The storage (740) may be removable or non-removable, and includes magnetic disks, magnetic tapes or cassettes, CD-ROMs, CD-RWs, DVDs, or any other medium which can be used to store information and which can be accessed within the computing environment (700). The storage (740) stores instructions for the software (780) implementing the gain-constrained noise suppression processing 200 (FIG. 2).
The input device(s) (750) may be a touch input device such as a keyboard, mouse, pen, or trackball, a voice input device, a scanning device, or another device that provides input to the computing environment (700). For audio, the input device(s) (750) may be a sound card or similar device that accepts audio input in analog or digital form, or a CD-ROM reader that provides audio samples to the computing environment. The output device(s) (760) may be a display, printer, speaker, CD-writer, or another device that provides output from the computing environment (700).
The communication connection(s) (770) enable communication over a communication medium to another computing entity. The communication medium conveys information such as computer-executable instructions, compressed audio or video information, or other data in a modulated data signal. A modulated data signal is a signal that has one or more of its characteristics set or changed in such a manner as to encode information in the signal. By way of example, and not limitation, communication media include wired or wireless techniques implemented with an electrical, optical, RF, infrared, acoustic, or other carrier.
The fast headphone virtualization techniques herein can be described in the general context of computer-readable media. Computer-readable media are any available media that can be accessed within a computing environment. By way of example, and not limitation, with the computing environment (700), computer-readable media include memory (720), storage (740), communication media, and combinations of any of the above.
The fast headphone virtualization techniques herein can be described in the general context of computer-executable instructions, such as those included in program modules, being executed in a computing environment on a target real or virtual processor. Generally, program modules include routines, programs, libraries, objects, classes, components, data structures, etc. that perform particular tasks or implement particular abstract data types. The functionality of the program modules may be combined or split between program modules as desired in various embodiments. Computer-executable instructions for program modules may be executed within a local or distributed computing environment.

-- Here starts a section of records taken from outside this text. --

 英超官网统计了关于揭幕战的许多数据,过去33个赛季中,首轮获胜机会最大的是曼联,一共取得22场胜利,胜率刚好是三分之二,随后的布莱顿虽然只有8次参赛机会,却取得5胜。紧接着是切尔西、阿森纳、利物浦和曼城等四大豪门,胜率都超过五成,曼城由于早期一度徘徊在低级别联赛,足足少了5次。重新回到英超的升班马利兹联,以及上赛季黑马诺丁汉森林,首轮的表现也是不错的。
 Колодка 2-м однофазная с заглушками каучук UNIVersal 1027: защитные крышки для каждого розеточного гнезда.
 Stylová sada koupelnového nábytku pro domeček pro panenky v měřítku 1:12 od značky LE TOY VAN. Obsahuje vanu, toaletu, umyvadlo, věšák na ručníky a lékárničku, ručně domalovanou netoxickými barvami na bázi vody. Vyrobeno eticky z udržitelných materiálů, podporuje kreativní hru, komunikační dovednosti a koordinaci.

For the sake of presentation, the detailed description uses terms like “determine,” “generate,” “adjust,” and “apply” to describe computer operations in a computing environment. These terms are high-level abstractions for operations performed by a computer, and should not be confused with acts performed by a human being. The actual computer operations corresponding to these terms vary depending on implementation.
In view of the many possible embodiments to which the principles of our invention may be applied, we claim as our invention all such embodiments as may come within the scope and spirit of the following claims and equivalents thereto.

Claims (15)

1. A speech noise suppression method, comprising:
transforming a frame of an input speech signal to a frequency domain representation having a plurality of spectral values;
classifying a plurality of frequency bins as noisy or non-noisy;
calculating a plurality of gain factors for the frequency bins;
calculating a noisy factor based on a ratio of a number of noisy frequency bins to a total number of frequency bins, varying from a value indicative of no smoothing to a value indicative of smoothing the gain factors to a constant gain;
smoothing the gain factors in accordance with the noisy factor; and
modifying the spectral values by applying the gain factors to correlated spectral values; and
transforming the modified spectral values to produce an output speech signal.

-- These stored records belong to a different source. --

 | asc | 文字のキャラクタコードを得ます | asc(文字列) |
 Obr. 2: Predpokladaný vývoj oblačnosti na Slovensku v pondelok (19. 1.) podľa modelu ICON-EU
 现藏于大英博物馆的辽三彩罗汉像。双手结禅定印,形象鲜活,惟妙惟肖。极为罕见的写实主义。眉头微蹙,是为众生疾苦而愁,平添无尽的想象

2. The speech noise suppression method of claim 1, wherein the smoothing the gain factors comprises:
transforming the gain factors to a frequency domain representation;
cutting off high frequency components of the frequency domain representation of the gain factors in accordance with the noisy factor; and
inverse transforming the frequency domain representation of the gain factors.

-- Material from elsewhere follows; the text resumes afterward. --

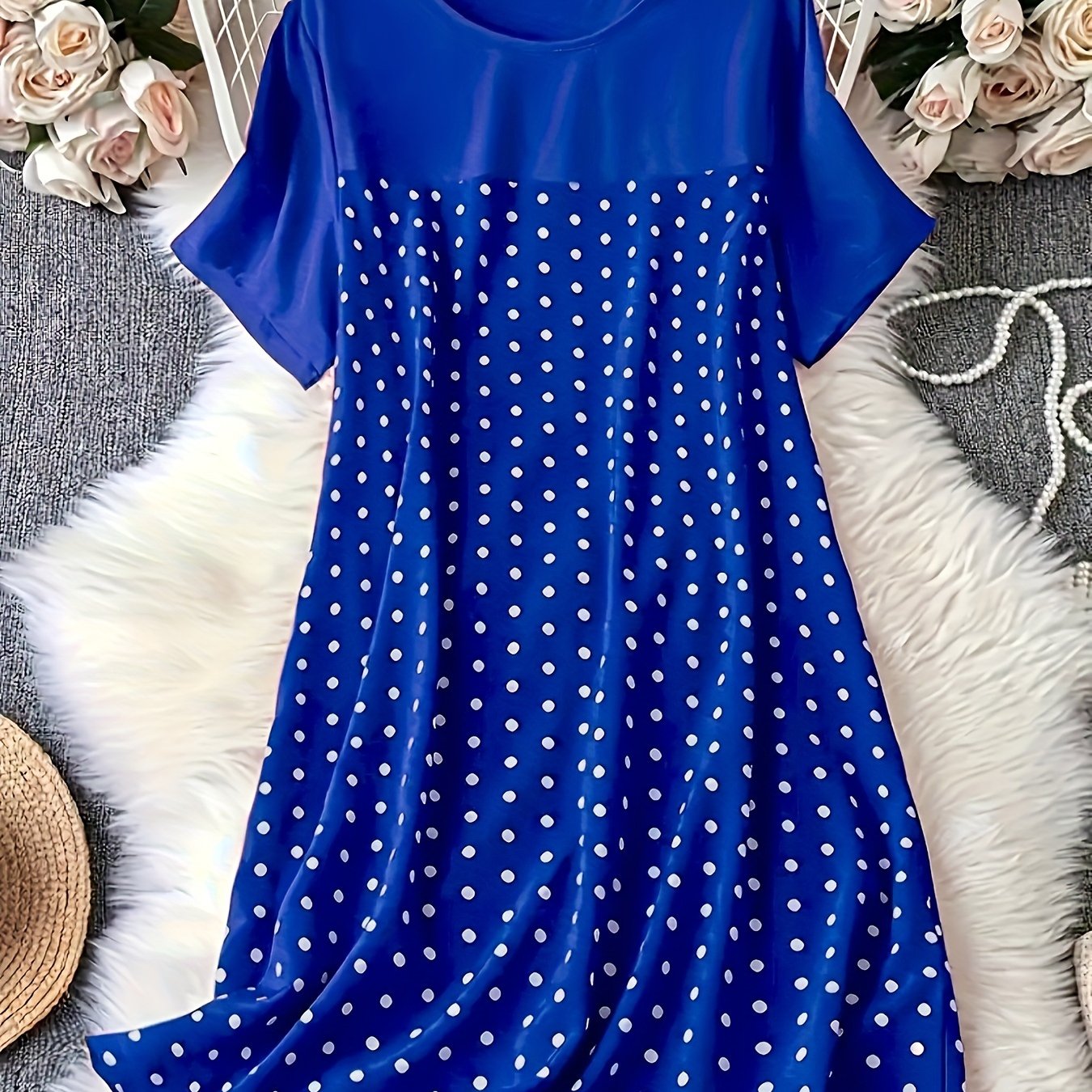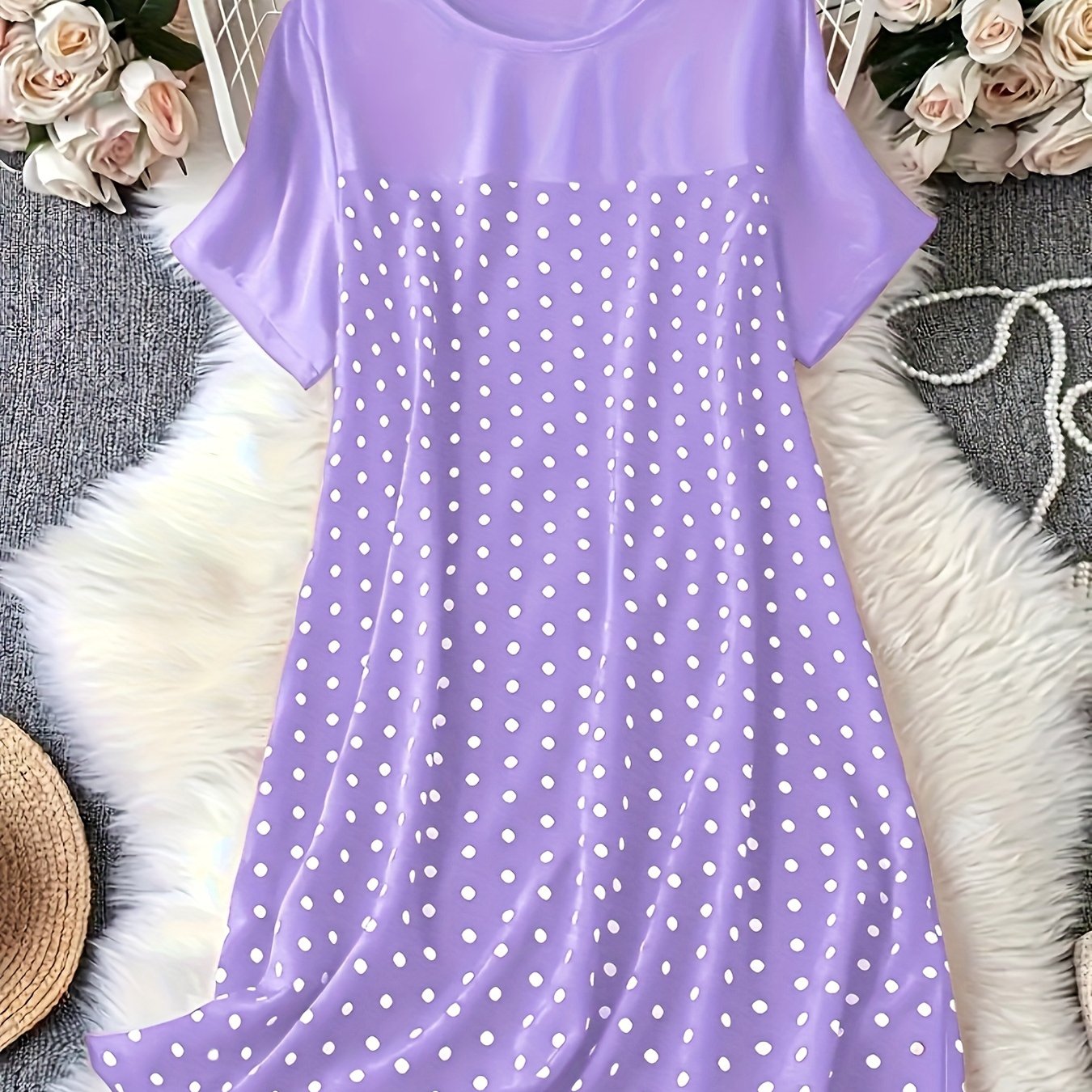 Женский ночной халат с коротким рукавом и крупным горошком, размер плюс

3. The speech noise suppression method of claim 1, wherein classifying the frequency bins comprises:
calculating frame energy;
tracking an estimate of noise mean and variance for the frequency bins;
classifying a frequency bin as noisy when the frame energy is lower than a function of the estimate of noise mean and variance of the respective frequency bin for the preceding frame; and
updating the estimate of noise mean and variance for frequency bins classified as noisy.
4. The speech noise suppression method of claim 3, further comprising:
smoothing the spectral values; and
using the smoothed spectral values in calculating the frame energy and the estimate of noise mean and variance.
5. The speech noise suppression method of claim 3, wherein the smoothing the spectral values comprises performing both time and frequency domain smoothing of the spectral values.
6. The speech noise suppression method of claim 3, further comprising:
calculating a historical low frame energy measure;
determining to reset the estimate of noise mean and variance if the frame energy measure is lower than a first threshold multiple of the historical low frame energy measure;
determining to update the estimate of noise mean and variance for the frequency bins if the frame energy measure is lower than a second threshold multiple of the historical low frame energy measure.
7. The speech noise suppression method of claim 3, wherein the calculating the gain factors comprises:
calculating the gain factors as a function of the estimate of noise mean and variance and the spectral value for the respective frequency bin.
8. A speech noise suppressor, comprising:
means for transforming a frame of an input speech signal to a frequency domain representation having a plurality of spectral values;
means for classifying a plurality of frequency bins as noisy or non-noisy;
means for calculating a plurality of gain factors for the frequency bins;
means for calculating a noisy factor based on a ratio of a number of noisy frequency bins to a total number of frequency bins, varying from a value indicative of no smoothing to a value indicative of smoothing the gain factors to a constant gain;
means for smoothing the gain factors in accordance with the noisy factor; and
means for modifying the spectral values by applying the gain factors to correlated spectral values; and
means for transforming the modified spectral values to produce an output speech signal.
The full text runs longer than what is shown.